As we saw in Chapter 8, we have at our disposal two primary tools to analyze/characterize sparse signals: (1) the construction of the generalized-increment process by application of the discrete version of the whitening operator (localization), and (2) a wavelet analysis using operator-like basis functions. The goal shared by the two approaches is to approximately recover the innovations by numerical inversion of the signal-generation model. While the localization option appears to give the finest level of control, the wavelet option is interesting as well because of its greater robustness to modeling errors. Indeed, performing a wavelet transform (especially if it is orthogonal) is a much stabler operation than taking a discrete derivative, which tends to amplify high-frequency perturbations.

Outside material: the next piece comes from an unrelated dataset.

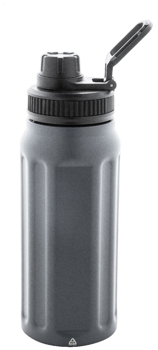 Dvoustěnná termoska z recyklované nerezové oceli s vertikálními drážkami. S víčkem z polypropylenu a s integrovaným držadlem. 540 ml.

In this chapter, we take advantage of our functional framework to gain a better understanding of the true nature of the transform-domain statistics. Our investigation revolves around the fact that the marginal pdfs are infinitely divisible (id) and that they can be determined explicitly via the analysis of a common white noise (innovation).We make use of this result to examine a number of relevant properties of the underlying id distributions and to show that they are, for the most part, invariant to the actual shape of the analysis window. This implies, among other things, that the qualitative effect of operator-like filtering is the same in both analysis scenarios, in the sense that the sparsity pattern of the innovation is essentially preserved.